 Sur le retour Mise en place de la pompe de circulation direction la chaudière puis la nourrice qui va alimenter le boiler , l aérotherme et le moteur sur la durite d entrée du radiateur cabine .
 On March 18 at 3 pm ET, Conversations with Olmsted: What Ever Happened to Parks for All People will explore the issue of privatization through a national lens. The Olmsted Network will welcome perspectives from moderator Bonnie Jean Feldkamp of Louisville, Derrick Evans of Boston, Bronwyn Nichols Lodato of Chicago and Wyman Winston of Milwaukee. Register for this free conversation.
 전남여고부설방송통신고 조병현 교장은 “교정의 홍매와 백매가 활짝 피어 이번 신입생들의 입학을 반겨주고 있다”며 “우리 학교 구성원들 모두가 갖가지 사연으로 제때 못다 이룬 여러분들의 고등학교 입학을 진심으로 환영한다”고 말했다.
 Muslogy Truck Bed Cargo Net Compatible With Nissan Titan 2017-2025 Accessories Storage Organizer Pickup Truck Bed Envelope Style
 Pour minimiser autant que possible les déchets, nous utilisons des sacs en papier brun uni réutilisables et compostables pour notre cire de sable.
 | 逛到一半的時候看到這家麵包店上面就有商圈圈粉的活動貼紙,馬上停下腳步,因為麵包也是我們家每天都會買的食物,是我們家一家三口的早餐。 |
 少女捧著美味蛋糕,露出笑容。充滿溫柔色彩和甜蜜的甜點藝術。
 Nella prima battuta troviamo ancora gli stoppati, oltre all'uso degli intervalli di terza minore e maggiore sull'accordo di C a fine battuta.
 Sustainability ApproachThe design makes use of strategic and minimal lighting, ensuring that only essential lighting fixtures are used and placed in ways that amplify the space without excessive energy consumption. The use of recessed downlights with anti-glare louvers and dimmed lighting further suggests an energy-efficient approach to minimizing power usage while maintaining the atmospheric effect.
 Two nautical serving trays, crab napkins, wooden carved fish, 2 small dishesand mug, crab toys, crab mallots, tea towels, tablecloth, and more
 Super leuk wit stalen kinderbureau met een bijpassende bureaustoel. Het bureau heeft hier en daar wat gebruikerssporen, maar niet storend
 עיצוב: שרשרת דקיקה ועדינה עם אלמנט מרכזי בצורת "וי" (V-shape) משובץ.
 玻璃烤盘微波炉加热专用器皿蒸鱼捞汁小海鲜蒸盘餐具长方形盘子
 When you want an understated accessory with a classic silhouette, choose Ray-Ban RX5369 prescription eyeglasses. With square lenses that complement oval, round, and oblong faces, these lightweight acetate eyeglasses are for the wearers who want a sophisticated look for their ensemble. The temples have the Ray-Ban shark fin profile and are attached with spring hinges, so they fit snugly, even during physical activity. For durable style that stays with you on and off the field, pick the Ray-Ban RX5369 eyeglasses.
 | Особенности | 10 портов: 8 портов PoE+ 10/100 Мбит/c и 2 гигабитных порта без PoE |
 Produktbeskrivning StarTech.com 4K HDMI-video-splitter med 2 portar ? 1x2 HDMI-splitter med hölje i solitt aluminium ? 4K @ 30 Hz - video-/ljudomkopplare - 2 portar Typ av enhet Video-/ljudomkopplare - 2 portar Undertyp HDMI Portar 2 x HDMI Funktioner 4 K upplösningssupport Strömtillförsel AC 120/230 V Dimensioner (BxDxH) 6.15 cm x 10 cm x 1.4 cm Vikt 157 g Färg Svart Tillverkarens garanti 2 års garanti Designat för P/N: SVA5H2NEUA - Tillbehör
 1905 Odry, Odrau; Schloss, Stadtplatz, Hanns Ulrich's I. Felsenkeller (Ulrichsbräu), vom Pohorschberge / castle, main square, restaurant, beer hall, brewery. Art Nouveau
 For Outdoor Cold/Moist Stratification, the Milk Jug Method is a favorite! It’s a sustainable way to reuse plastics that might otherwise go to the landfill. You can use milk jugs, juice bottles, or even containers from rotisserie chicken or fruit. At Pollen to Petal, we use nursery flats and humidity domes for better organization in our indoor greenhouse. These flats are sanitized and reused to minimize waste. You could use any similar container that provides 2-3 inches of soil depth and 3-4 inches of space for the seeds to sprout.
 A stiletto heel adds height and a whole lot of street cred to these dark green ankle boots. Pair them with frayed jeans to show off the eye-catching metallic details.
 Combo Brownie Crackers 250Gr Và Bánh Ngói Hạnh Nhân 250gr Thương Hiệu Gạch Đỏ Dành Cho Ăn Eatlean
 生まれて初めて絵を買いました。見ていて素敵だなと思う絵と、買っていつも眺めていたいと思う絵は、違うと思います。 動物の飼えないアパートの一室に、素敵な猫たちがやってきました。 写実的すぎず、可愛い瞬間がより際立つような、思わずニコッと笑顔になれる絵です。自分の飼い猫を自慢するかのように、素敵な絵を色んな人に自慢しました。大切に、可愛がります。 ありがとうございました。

§ **PROBLEM STATEMENT**: The entries above must be copied verbatim. Leave none out.

§ **SOLVED PROBLEM**:
 Sur le retour Mise en place de la pompe de circulation direction la chaudière puis la nourrice qui va alimenter le boiler , l aérotherme et le moteur sur la durite d entrée du radiateur cabine .
 On March 18 at 3 pm ET, Conversations with Olmsted: What Ever Happened to Parks for All People will explore the issue of privatization through a national lens. The Olmsted Network will welcome perspectives from moderator Bonnie Jean Feldkamp of Louisville, Derrick Evans of Boston, Bronwyn Nichols Lodato of Chicago and Wyman Winston of Milwaukee. Register for this free conversation.
 전남여고부설방송통신고 조병현 교장은 “교정의 홍매와 백매가 활짝 피어 이번 신입생들의 입학을 반겨주고 있다”며 “우리 학교 구성원들 모두가 갖가지 사연으로 제때 못다 이룬 여러분들의 고등학교 입학을 진심으로 환영한다”고 말했다.
 Muslogy Truck Bed Cargo Net Compatible With Nissan Titan 2017-2025 Accessories Storage Organizer Pickup Truck Bed Envelope Style
 Pour minimiser autant que possible les déchets, nous utilisons des sacs en papier brun uni réutilisables et compostables pour notre cire de sable.
 | 逛到一半的時候看到這家麵包店上面就有商圈圈粉的活動貼紙,馬上停下腳步,因為麵包也是我們家每天都會買的食物,是我們家一家三口的早餐。 |
 少女捧著美味蛋糕,露出笑容。充滿溫柔色彩和甜蜜的甜點藝術。
 Nella prima battuta troviamo ancora gli stoppati, oltre all'uso degli intervalli di terza minore e maggiore sull'accordo di C a fine battuta.
 Sustainability ApproachThe design makes use of strategic and minimal lighting, ensuring that only essential lighting fixtures are used and placed in ways that amplify the space without excessive energy consumption. The use of recessed downlights with anti-glare louvers and dimmed lighting further suggests an energy-efficient approach to minimizing power usage while maintaining the atmospheric effect.
 Two nautical serving trays, crab napkins, wooden carved fish, 2 small dishesand mug, crab toys, crab mallots, tea towels, tablecloth, and more
 Super leuk wit stalen kinderbureau met een bijpassende bureaustoel. Het bureau heeft hier en daar wat gebruikerssporen, maar niet storend
 עיצוב: שרשרת דקיקה ועדינה עם אלמנט מרכזי בצורת "וי" (V-shape) משובץ.
 玻璃烤盘微波炉加热专用器皿蒸鱼捞汁小海鲜蒸盘餐具长方形盘子
 When you want an understated accessory with a classic silhouette, choose Ray-Ban RX5369 prescription eyeglasses. With square lenses that complement oval, round, and oblong faces, these lightweight acetate eyeglasses are for the wearers who want a sophisticated look for their ensemble. The temples have the Ray-Ban shark fin profile and are attached with spring hinges, so they fit snugly, even during physical activity. For durable style that stays with you on and off the field, pick the Ray-Ban RX5369 eyeglasses.
 | Особенности | 10 портов: 8 портов PoE+ 10/100 Мбит/c и 2 гигабитных порта без PoE |
 Produktbeskrivning StarTech.com 4K HDMI-video-splitter med 2 portar ? 1x2 HDMI-splitter med hölje i solitt aluminium ? 4K @ 30 Hz - video-/ljudomkopplare - 2 portar Typ av enhet Video-/ljudomkopplare - 2 portar Undertyp HDMI Portar 2 x HDMI Funktioner 4 K upplösningssupport Strömtillförsel AC 120/230 V Dimensioner (BxDxH) 6.15 cm x 10 cm x 1.4 cm Vikt 157 g Färg Svart Tillverkarens garanti 2 års garanti Designat för P/N: SVA5H2NEUA - Tillbehör
 1905 Odry, Odrau; Schloss, Stadtplatz, Hanns Ulrich's I. Felsenkeller (Ulrichsbräu), vom Pohorschberge / castle, main square, restaurant, beer hall, brewery. Art Nouveau
 For Outdoor Cold/Moist Stratification, the Milk Jug Method is a favorite! It’s a sustainable way to reuse plastics that might otherwise go to the landfill. You can use milk jugs, juice bottles, or even containers from rotisserie chicken or fruit. At Pollen to Petal, we use nursery flats and humidity domes for better organization in our indoor greenhouse. These flats are sanitized and reused to minimize waste. You could use any similar container that provides 2-3 inches of soil depth and 3-4 inches of space for the seeds to sprout.
 A stiletto heel adds height and a whole lot of street cred to these dark green ankle boots. Pair them with frayed jeans to show off the eye-catching metallic details.
 Combo Brownie Crackers 250Gr Và Bánh Ngói Hạnh Nhân 250gr Thương Hiệu Gạch Đỏ Dành Cho Ăn Eatlean
 生まれて初めて絵を買いました。見ていて素敵だなと思う絵と、買っていつも眺めていたいと思う絵は、違うと思います。 動物の飼えないアパートの一室に、素敵な猫たちがやってきました。 写実的すぎず、可愛い瞬間がより際立つような、思わずニコッと笑顔になれる絵です。自分の飼い猫を自慢するかのように、素敵な絵を色んな人に自慢しました。大切に、可愛がります。 ありがとうございました。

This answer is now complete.